The cardiac arrest community report card is grouped into 7 categories: medical control, administrative control, dispatch characteristics, system characteristics, training, quality improvement program, and community characteristics. Medical control has the most elements. The medical director is ultimately responsible for the professional behavior of the paramedics. He or she should read every incident report and immediately address problems that are identified. They may be as mundane as legible writing (or complete data entry) or complete documentation. The problems may involve dealing with skill performance or medical decision making. (For example, the medical director may inquire why a 52 year old man with intermittent left sided jaw pain - a possible symptom of angina - was left at home.).

Raising your score

The scorecard has 35 elements - 3 points for each with a perfect score being 105. Though it might be enlightening to grade your community the real purpose of the scorecard is to suggest a way toward improvement. For every element that does not exist in your community ask if it should be and how it can be achieved.
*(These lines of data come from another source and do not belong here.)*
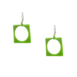 Modern, Geometric Fused Glass Earrings Featuring a Square with a Circle.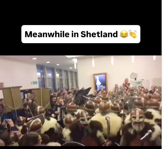 Shetland Islanders are gearing up for battle in Nordic battle dress. So, it’s going to be funny as well.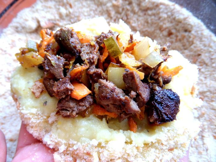 17. В середину кладём начинку. Картофельные зразы с печенью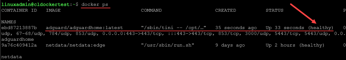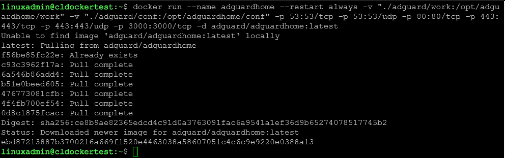 After hitting ENTER, the container image will pull and spin up the new Adguard DNS container.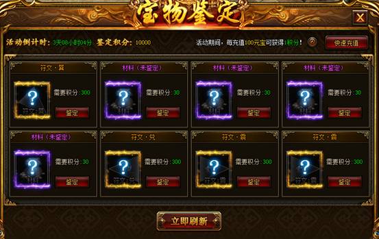 活动期间,每充值100元宝可以获得1鉴定积分!界面中会生成未鉴定宝物,消耗鉴定积分鉴定后随机获得对应列表中的一个宝物!极品宝物包括,16转装备、9转符文等!鉴定积分在活动结束后清空,请务必使用完毕!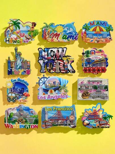 1pc American City Landmark Refrigerator Magnet, Travel Souvenir Home Decor Magnetic Fridge Sticker - Multicolor - View 17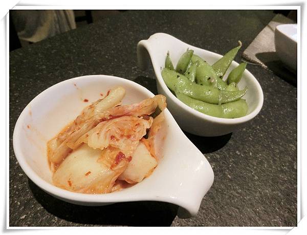 先送上泡菜還有毛豆讓我們解解饞。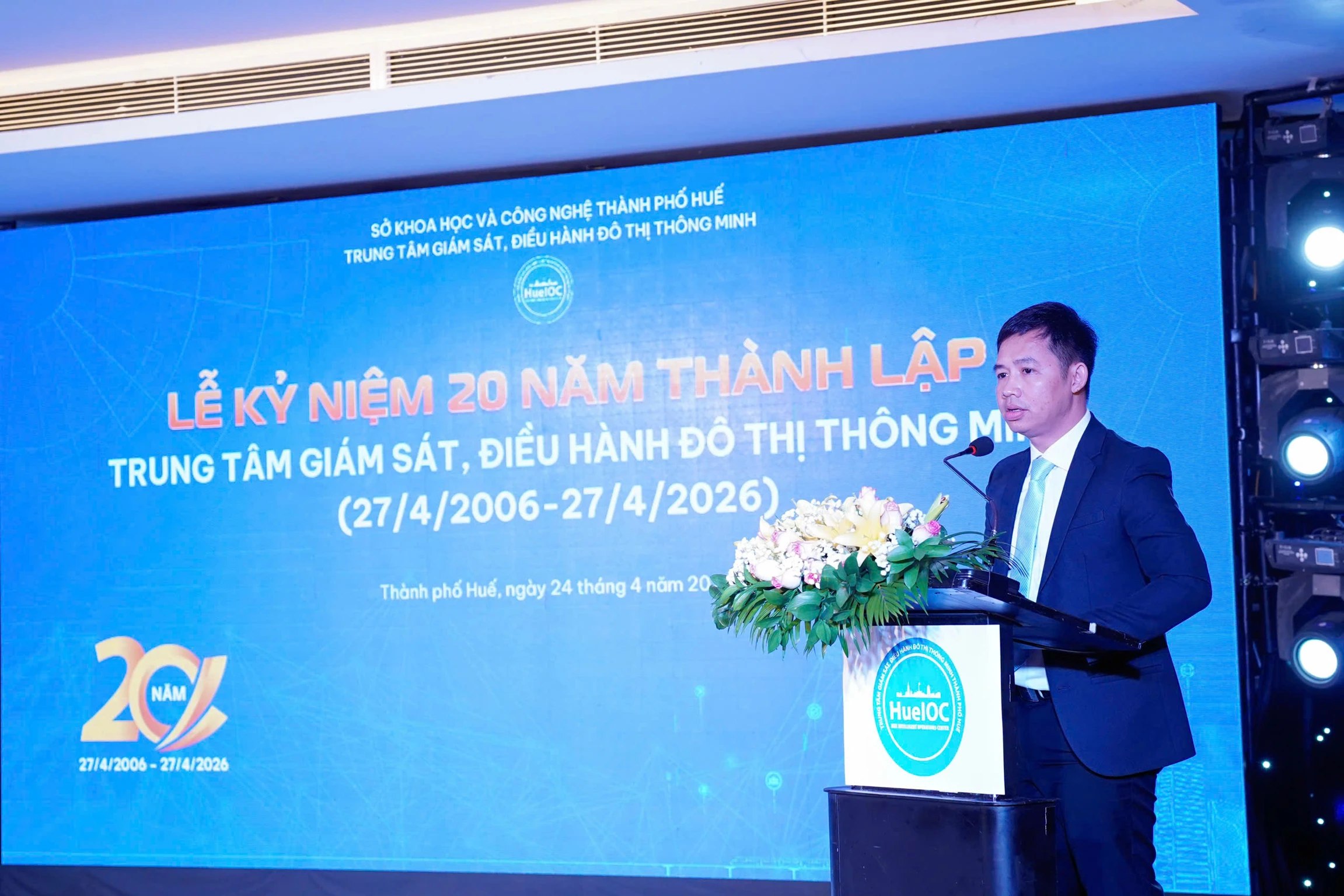 Phát biểu tại buổi lễ, đồng chí Trần Trọng Hiếu - Giám đốc Trung tâm HueIOC đã bày tỏ lòng tri ân sâu sắc đến các cấp lãnh đạo thành phố, lãnh đạo Sở KH&CN; các cơ quan, đơn vị, cộng đồng doanh nghiệp công nghệ, đối tác và toàn thể các thế hệ lãnh đạo, cán bộ, viên chức và người lao động của Trung tâm qua các thời kỳ đã luôn đồng hành, dành trọn tâm huyết, trí tuệ cho sự nghiệp phát triển của Trung tâm nói riêng và của thành phố Huế nói chung.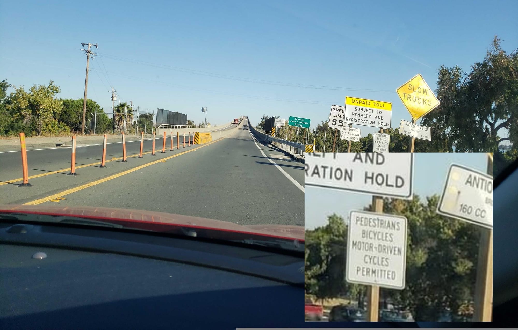 The good news is that rideshare services like Lyft and Uber are alive and well in Antioch, as Marshall discovered. There is a $7.00 toll for southbound vehicles (Sherman Island to Antioch), which will be in addition to the car service fare.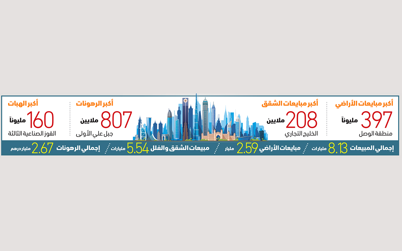 وجاءت أهم مبايعات الأراضي بقيمة 397 مليون درهم في الوصل تليها مبايعة بقيمة 168 مليون درهم في الخليج التجاري تليها مبايعة بـ 168 مليون درهم في الخليج التجاري.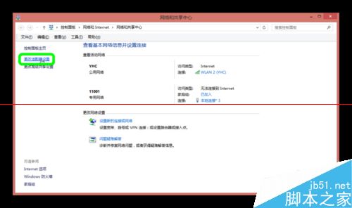 2、然后,在网络共享中心界面点击“更改适配器设置”。
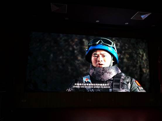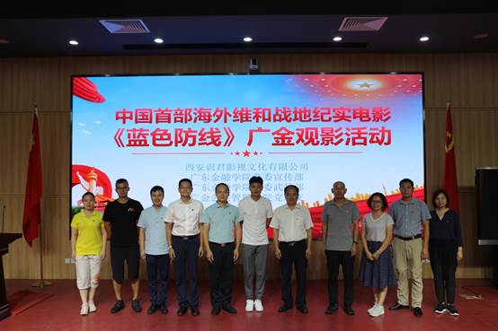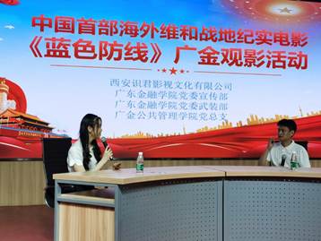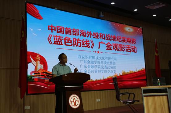 该影片是中国首部海外维和战地纪实电影,将于9月18日全国公映。观影活动分两部分,一是剧组企划访谈,二是观影。活动伊始,刘新强作开场致辞。他首先对西安识君影视文化有限公司前来公司交流,并在公司进行省内首映《蓝色防线》表示欢迎和感谢。接着,他要求同学们在观影的时候要做到以下几点:一、知国情,明军情。将了解国防作为自身的思想共识和自觉行动,始终珍惜与热爱和平,做到爱党、爱国、爱军、爱校;二、知史爱党,知史爱国。在观影活动中深知中国故事,培养浓厚的爱国主义情怀和强烈的民族自豪感,传播好中国声音;三、希望同学们能够锻造本领,争当先锋。不断增强自身的国防意识,锻造过硬本领,提高军事技能。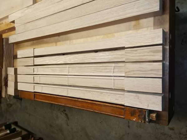 Here is a different set of spindle for the same niece. These are straight, but the center is reduced and has 3/4 round "dowels" on the four edges. The dowels required a jig to hold them and a rabbit plane was used to remove the waste. (Note: This was done entirely with hand powered tools - no electrical.)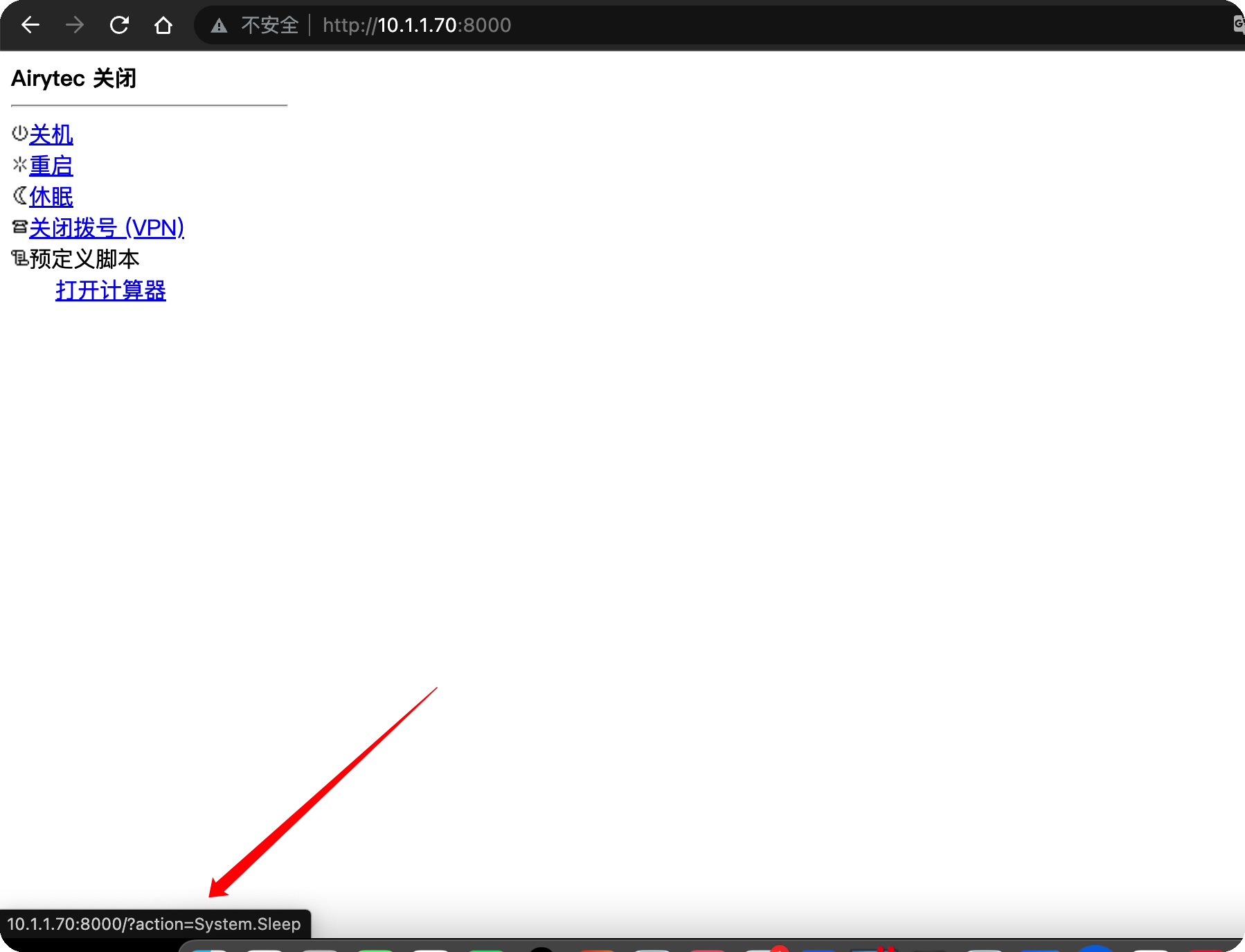3、获取让电脑休眠的URL地址。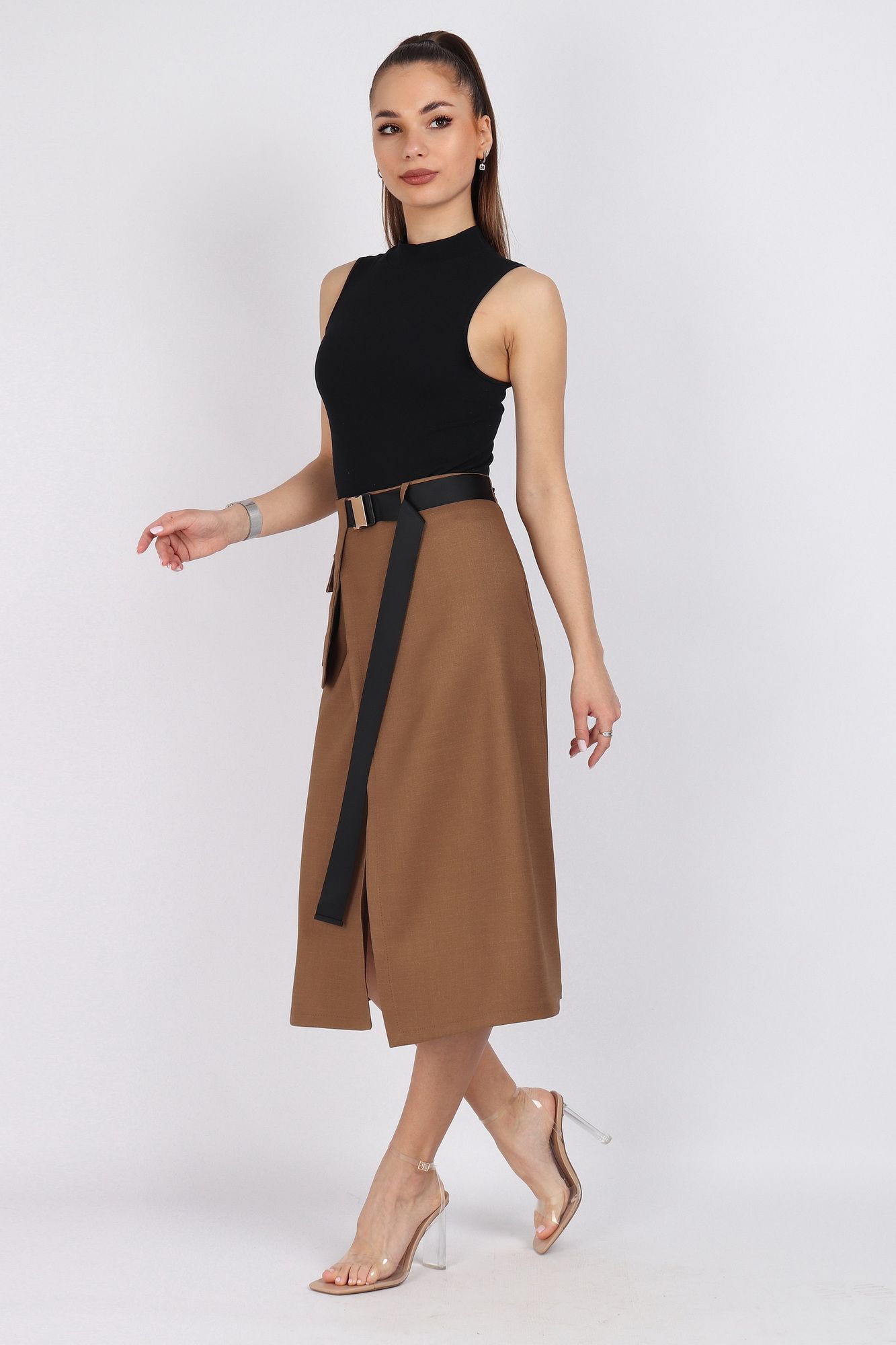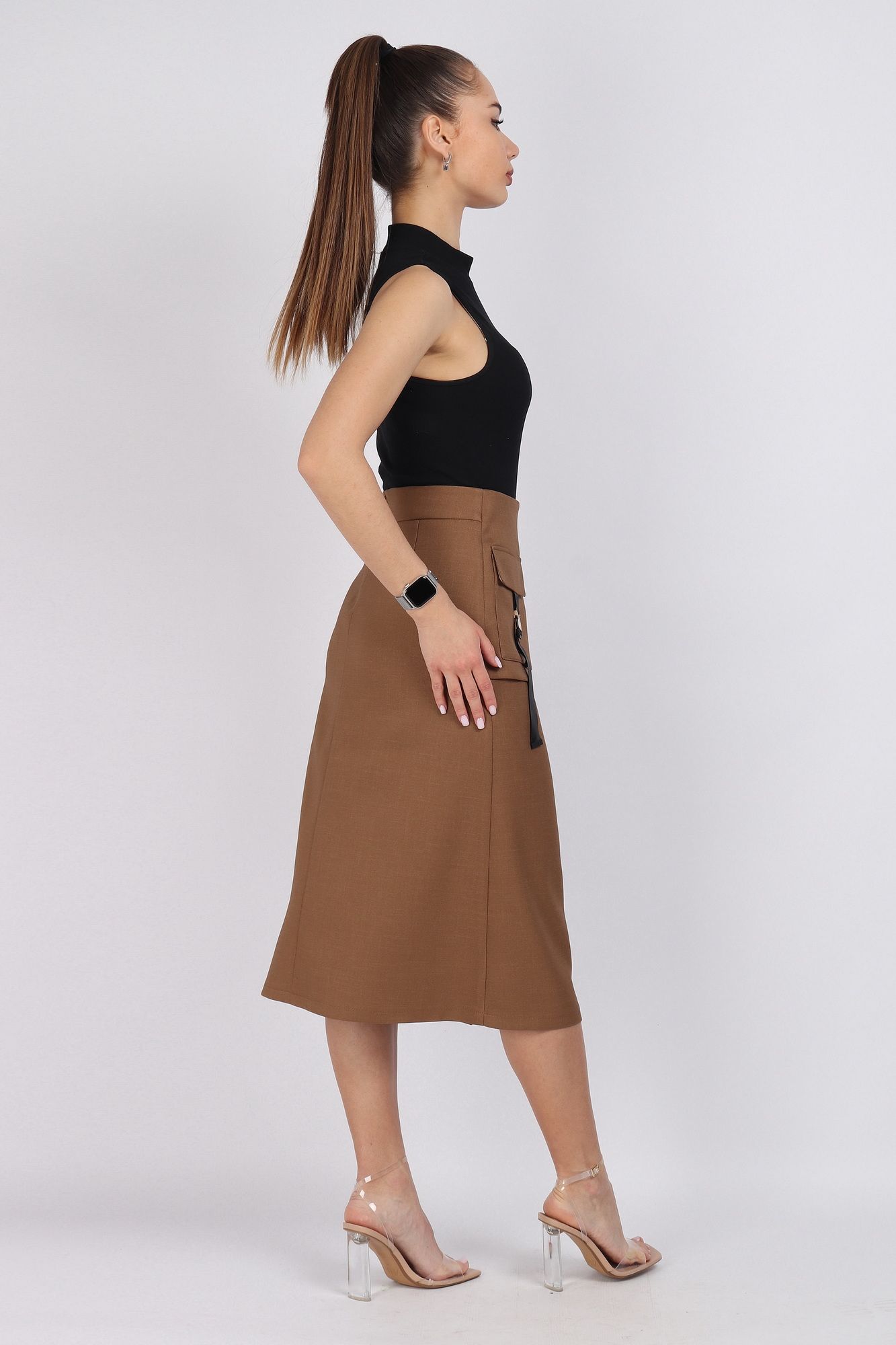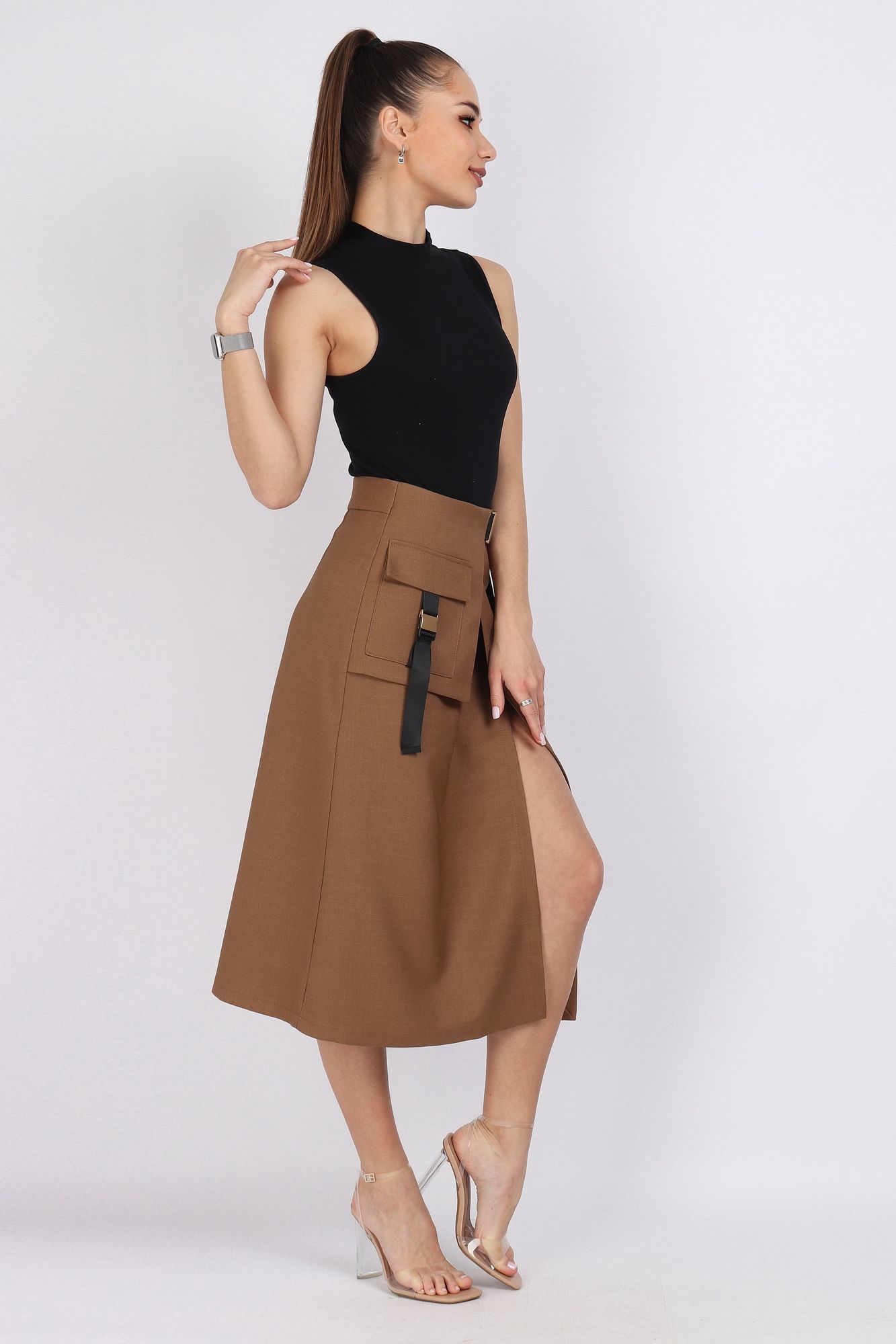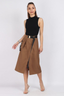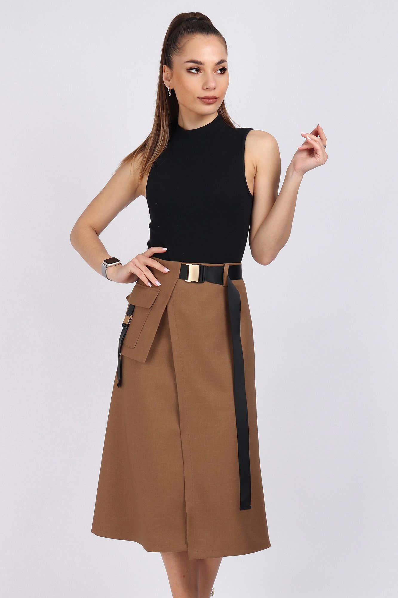 Юбка женская А-силуэта на запах. С правой стороны декоративные элементы функционального накладного кармана. Верхний срез юбки обработан обтачкой. На талии и на кармане декоративные функциональные пряжки. На конце тесьмы декоративные зажимы. По спинке застёжка на потайную тесьму молния. Юбка без подкладки. Длина изделия 76 см. Подойдет на рост 164-170 см. Цвет основной ткани: светло-коричневый.

Parts of the scorecard are easy to improve and others present considerable challenges. It is not realistic to go from a failing grade to honors overnight. Change, as difficult as it may be, should be viewed as a continuous process. Though lack of resources, cultural impediments to change, inertia and complacency can be strong inhibitors of change the process must be undertaken. Those in EMS are health professionals. Thus they have a duty to their patients. This duty is uncompromising - to do everything possible on behalf of the patient. An EMT or paramedic is an extension of the medical director for that community. A physician encountering a patient, whether in pain, anxious, or unconscious in cardiac arrest, must do everything possible to help that patient. That is the obligation of every physician. And that is the obligation of every EMT and paramedic. And if the system is failing then we are failing our patients.